The original set of over 75 input predictor variables for the retention model (and 42 for the unsuppressed VL model) were reduced to a more practical number through feature selection using a Random Forest algorithm on all inputs. Random Forest permutes the inputs into trees of different groups of predictors, and the change in predictive power (as measured by AUC) of the model for each permutation was calculated. This process prioritises groups of predictor variables that together improve predictive power and deprioritises those that contribute little or no improvement to AUC. Random Forest was able to rank the relative feature importance of the total input set for each model. Figure 3A,B illustrate their relative importance in helping correctly and repeatedly classify a particular observation as a correct or incorrect prediction of the target outcome. The predictor variables with higher importance help the algorithm distinguish between its classifications more often and more correctly than those with lower importance. For example, in the retention model (Fig. 3A), gender represented in the Boolean variable ‘Is Male’ has some correlation with the missed visit target outcome and measurably more than the eliminated predictor variables that had zero correlation. However, it is clear that the algorithm relied on correlations in the patients’ prior behavior (frequency of lateness, time on treatment, etc.) to segment the risk of outcome, and together, these described more of the difference than gender alone.
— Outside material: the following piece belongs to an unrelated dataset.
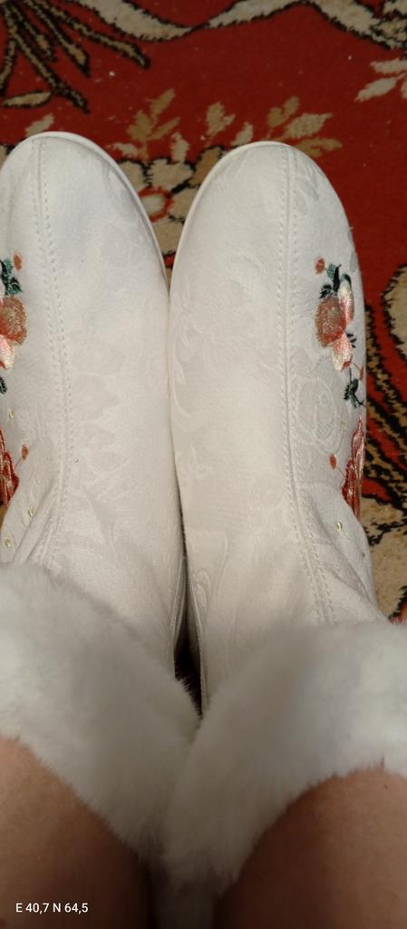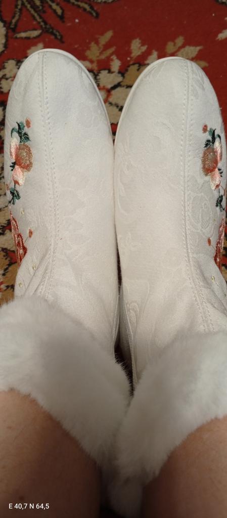 Not at all wintery, the material is ordinary fabric, these are socks with soles. The toe and heel are not reinforced. In the photo I stuffed them with paper, they were all crumpled, the smell is awful 😖👎, they are standing, airing out

Our results indicated that prior patient behavior and treatment history were extremely important in predicting both visit attendance and viral load results in these datasets and that traditional demographic predictor variables were less useful than behavioral indicators. These more powerful predictor variables can also be used to further stratify populations by risk and segment more granularly for targeted interventions and differentiated care.
During feature selection we investigated overfitting to particular features through comparative tests of features permutation importances with the goal of identifying any overfitted but erroneous highly correlated features in the training set that weren’t a reflected phenomenon in the test set (Supplementary Figure 1). We also performed correlation checks on the candidate input features. Rather than assuming that multicollinearity in the input variables was necessarily leading to information loss, during the feature selection phase, we tried several combinations of feature groupings to test the relationship of certain groups against the prediction metrics. The matrix of these feature correlation checks is depicted in Supplementary Figure 2.
We also report the model performance metrics considering various subsets of the ranked input features to determine whether reducing the model to the 10 most important features impacted on performance metrics. As noted in Supplementary table 1, overall model accuracy varied by only 5% comparing a model including only the 5 most important features (62%) with a model including all 75 features (67%). Difference in AUC between these two models was less than 0.04 (Supplementary Figure 3).